Les effets du réchauffement concernent une grande diversité d'espèces.

Les hérissons, par exemple, voient leur hibernation perturbée par des hivers plus doux, ce qui augmente leurs besoins énergétiques alors que les ressources alimentaires restent limitées. Les coccinelles, essentielles au contrôle naturel des pucerons, pourraient elles aussi être fragilisées par des températures trop élevées qui perturbent leur cycle de vie.

Même dans l'Arctique, des oiseaux marins comme le guillemot à miroir avancent leur période de reproduction pour suivre la fonte précoce de la banquise. Toutefois, les recherches montrent que cette adaptation repose davantage sur une réponse comportementale que sur une véritable évolution génétique, ce qui limite leur capacité à faire face à des changements toujours plus rapides.

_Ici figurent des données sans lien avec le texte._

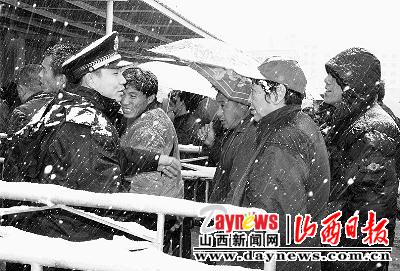11月10日,一场暴雪给出行的人们带来了不便。太原交警支队迅速启动冰、雪、雾恶劣天气应急预案,全警动员,全员上路,保障人们的出行安全。在大南门岗,太原市公安局副局长、交警支队支队长尹喜平在大雪中疏导着,并不时地喊话,提醒大家注意安全。杏花岭交警大队对辖区太原市东客站和太原市客运汽车公司驻站管理。古交交警大队在三岔口和神堂岩执勤点及早安排警力,实施交通管制……(记者曹秀娟)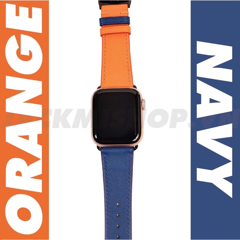 Điện Thoại & Phụ Kiện > Phụ kiện > Phụ kiện cho đồng hồ thông minh || [BẢO HÀNH 1 NĂM] Dây Da BÊ SWIFT may tay thủ công màu Cam/Xanh Navy khóa Bướm cho Apple Watch series 1/2/3/4/5/6/7Còn hàng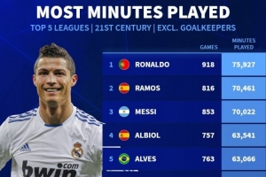 體育資訊12月5日訊 德國轉會市場統計了21世紀非門將球員在五大聯賽的出場時間,并列出榜單,C羅居首,拉莫斯、梅西二三位。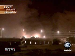 Телеканал al-Jazeera вел прямую трансляцию из Багдада - в небе над городом были видны несколько столбов дыма.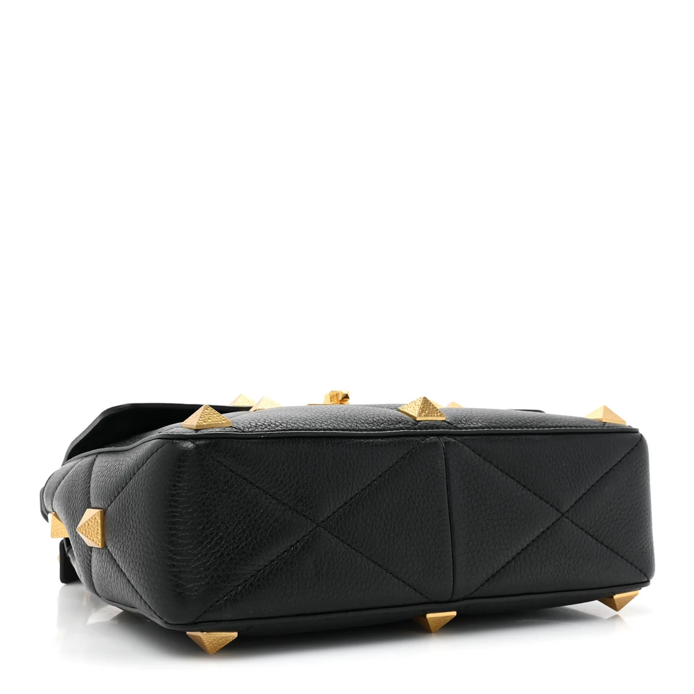 Valentino Garavani Large Roman Stud Shoulder Bag Black Grained Calfskin Leather Brass Hardware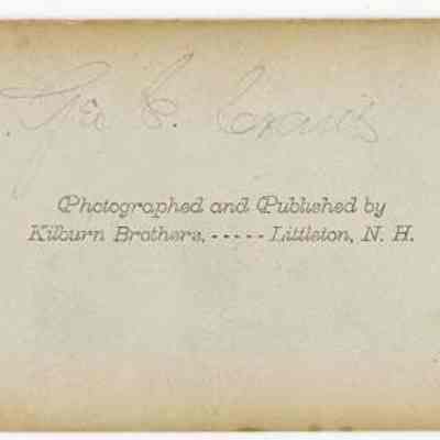 View of trees and mountains on a road at Dixville Notch. Has "GE K. Lanou" writing on the back. [Name is questionable due to legibility]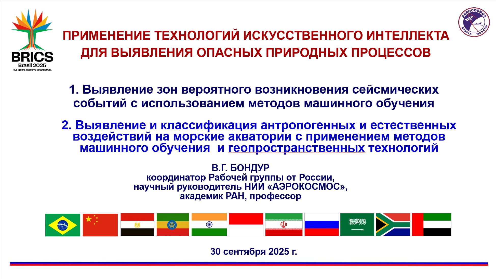 Координатор Рабочей группы от России, научный руководитель НИИ «АЭРОКОСМОС» академик РАН В.Г.Бондур выступил с докладом, содержащим отчет о 3-й встрече Рабочей группы БРИКС по геопространственным технологиям и их применению, которая состоялась в сентябре 2024 г. в России в год председательства Российской Федерации в БРИКС.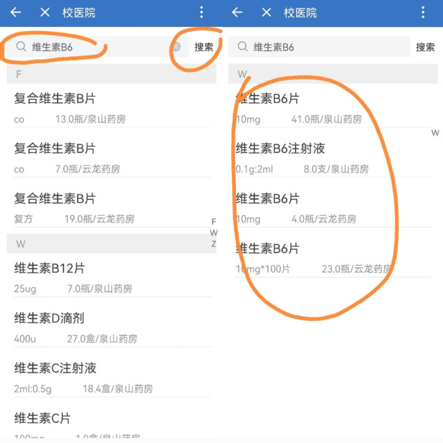 5. 在搜索框中输入要查询的药品后点击搜索,出现搜索出的药品及药品存放地点(泉山校区还是云龙校区)。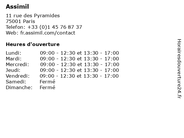 | Lundi | 09:00-12:30 et 13:30-17:00 |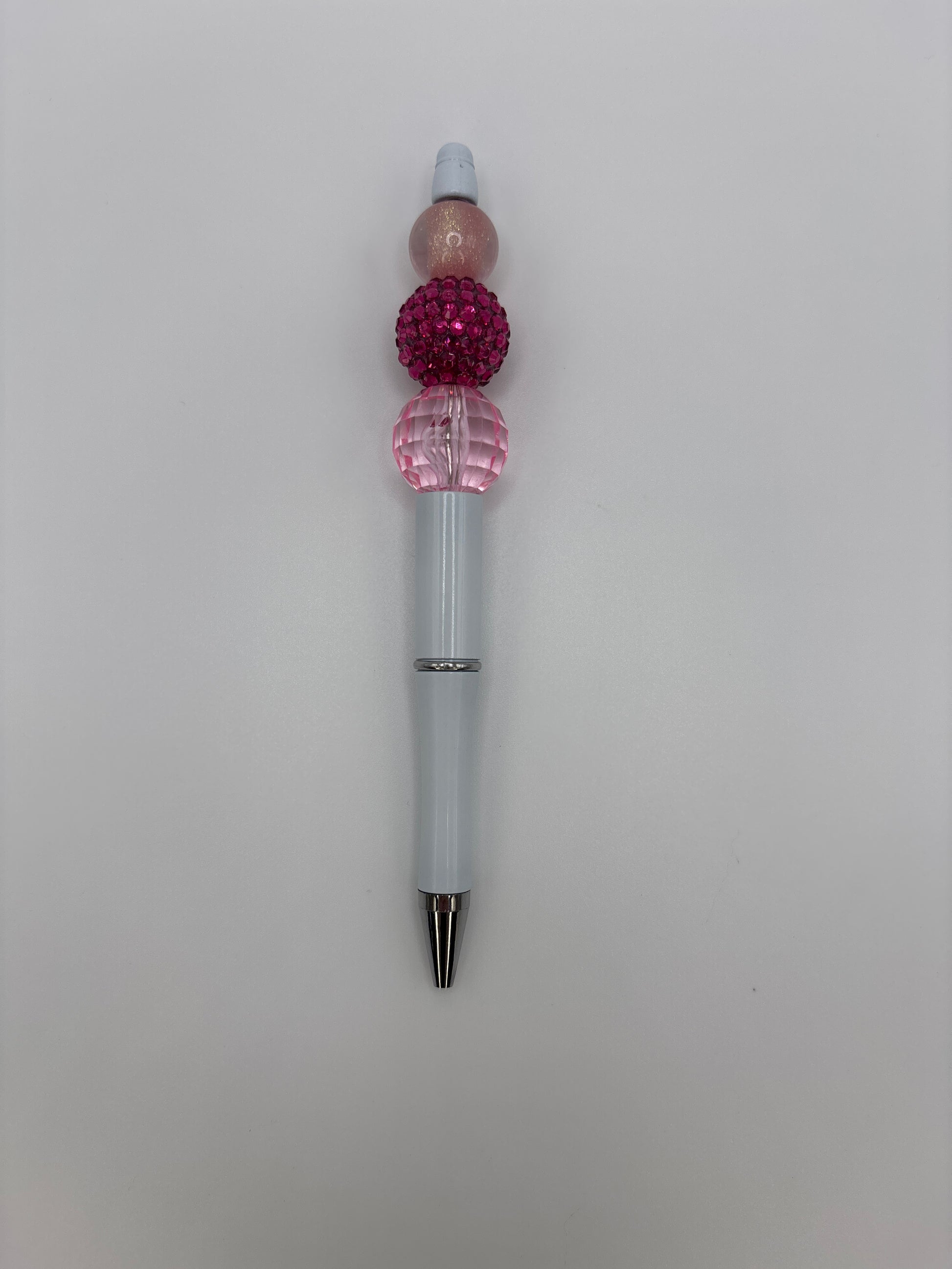 Hot Pink Sparkle Beaded Pen - Refillable White Barrel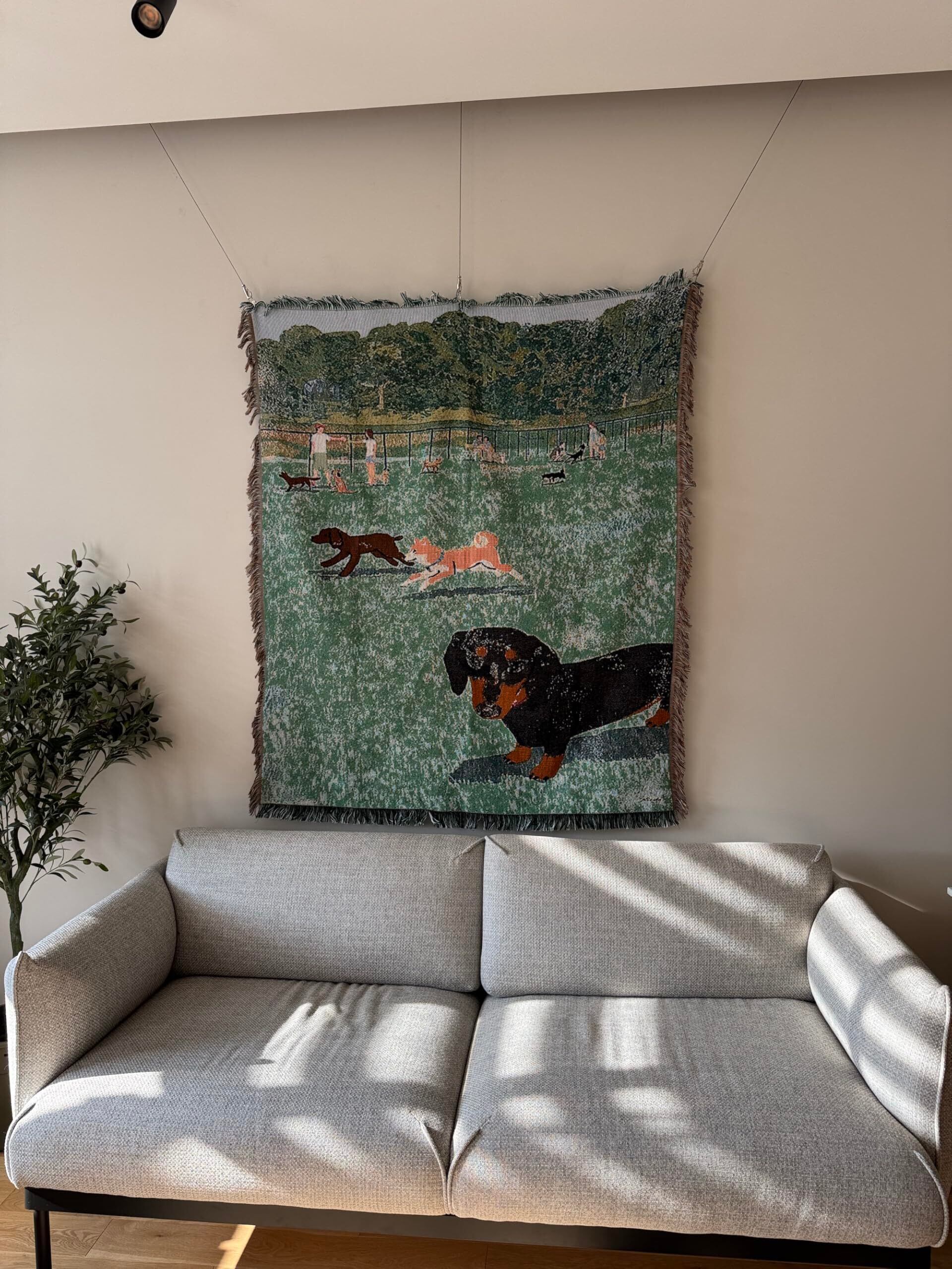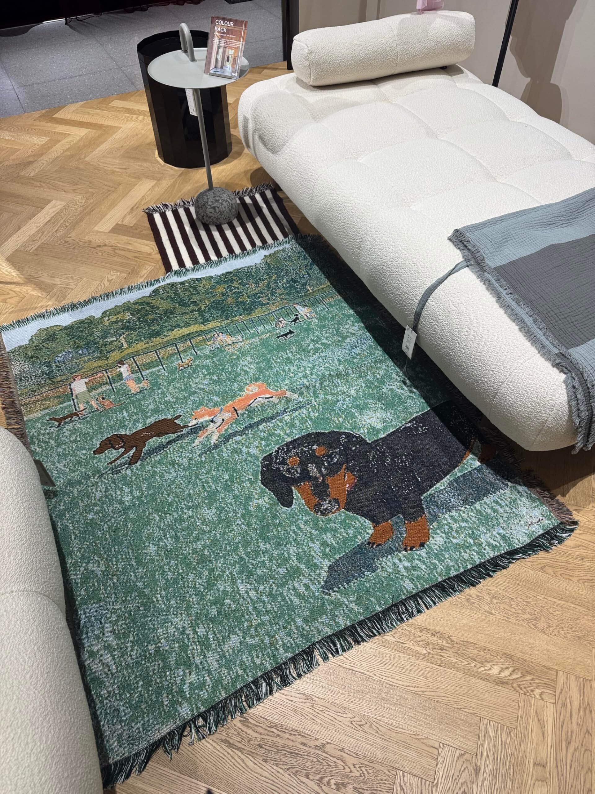 面白い柄,dog park,ダックスフント, グリーン,可愛い おしゃれ マルチカバー ブランケット ,ソファーカバー, ベッドカバー (130X160cm)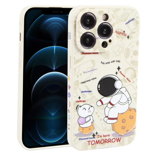 Estuche de teléfono TPU iPhone 12 Pro Max Patrón de Astronauta Esmerilado (Blanco)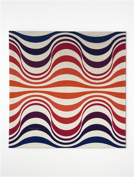 Verner Panton Pannello in tessuto stampato cretonne nei toni del blu, viola, ros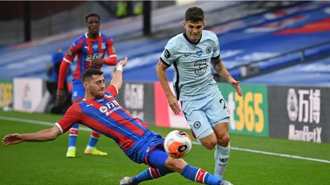 | Le défenseur de Crystal Palace, Joel Ward (gauche), tacle le milieu américain de Chelsea, Christian Pulisic, le 7 juillet à Selhurst Park, à Londres. |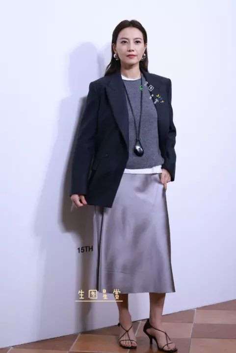 灰白叠穿的上衣搭配西装外套并不会显得太过厚重,下半身银灰色的缎面长裙质感更是不俗,抢眼的项链让高圆圆的气质更加的端庄。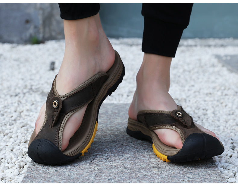 Leather Shoes Men's Sandals Men's Flip Flops Men's Casual Shoes Classic Massage Beach Slippers Anti-slip
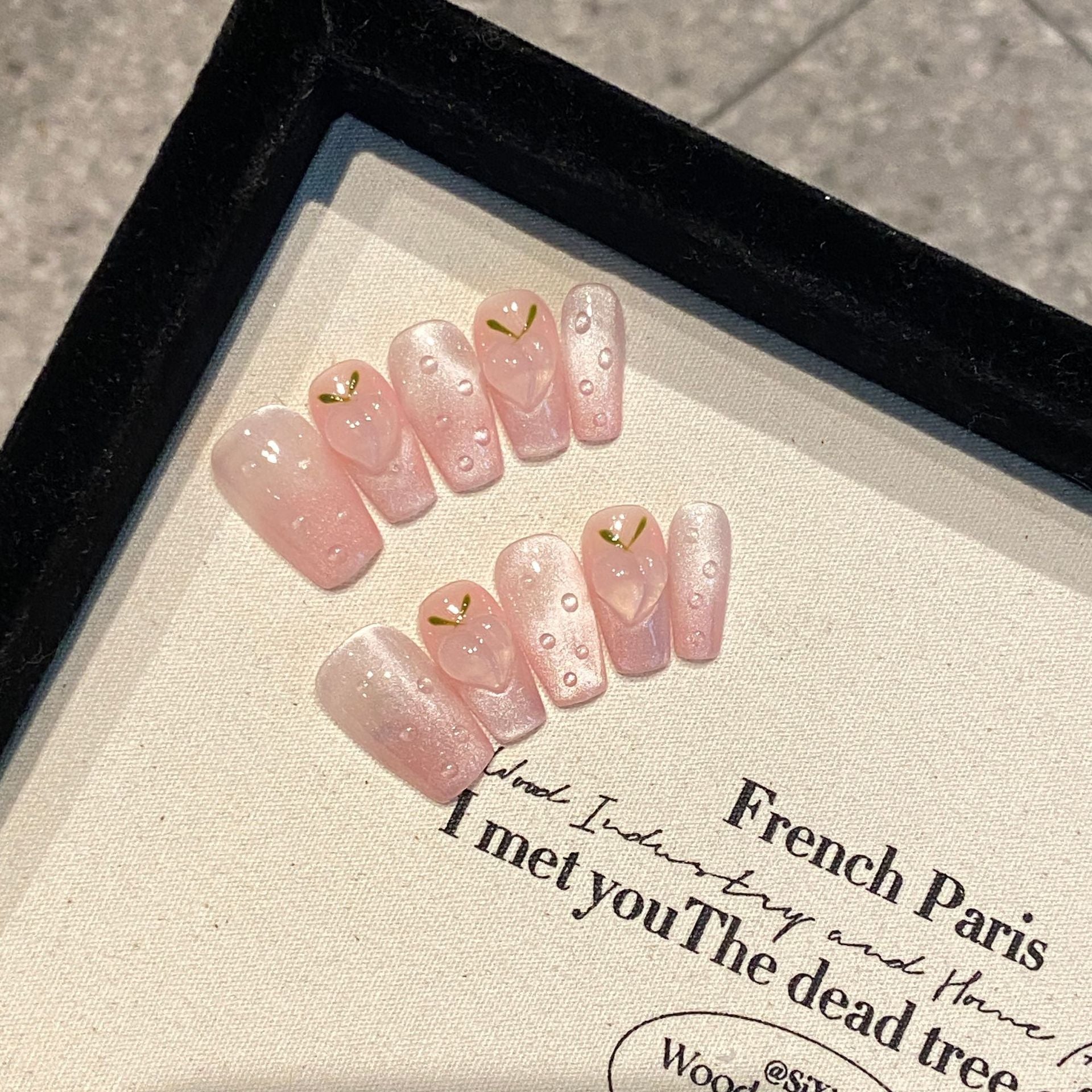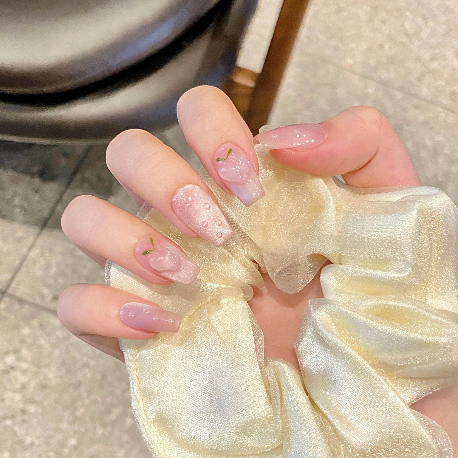 Elevate your manicure with these stunning Ice Translucent Peach Blush short nails. The delicate girly pink hue creates a soft, feminine look that complements any outfit. These ready-to-wear nail tips save you salon time while delivering professional-quality results. Perfect for special occasions or adding a touch of elegance to your everyday style. Transform your hands instantly with these eye-catching, on-trend nail accessories.

Les leçons des grandes extinctions

Les chercheurs rappellent que ce mécanisme n'est pas inédit dans l'histoire de la Terre. Lors de l'extinction du Permien, il y a environ 252 millions d'années, plus de 80 % des espèces marines auraient disparu, notamment parce que l'acidification des océans progressait plus vite que leur capacité à développer des mécanismes de protection.

Aujourd'hui, le rythme d'augmentation du dioxyde de carbone dans les océans atteint, une fois rapporté aux échelles géologiques, des niveaux comparables à ceux observés avant certaines grandes crises biologiques.

Les scientifiques ne prédisent pas une extinction massive imminente. En revanche, ils estiment que le monde vivant s'approche progressivement d'un seuil où les capacités naturelles d'adaptation risquent de ne plus suffire. Si les espèces ont toujours évolué face aux changements de leur environnement, la rapidité du réchauffement actuel pourrait dépasser les limites de cette faculté d'adaptation.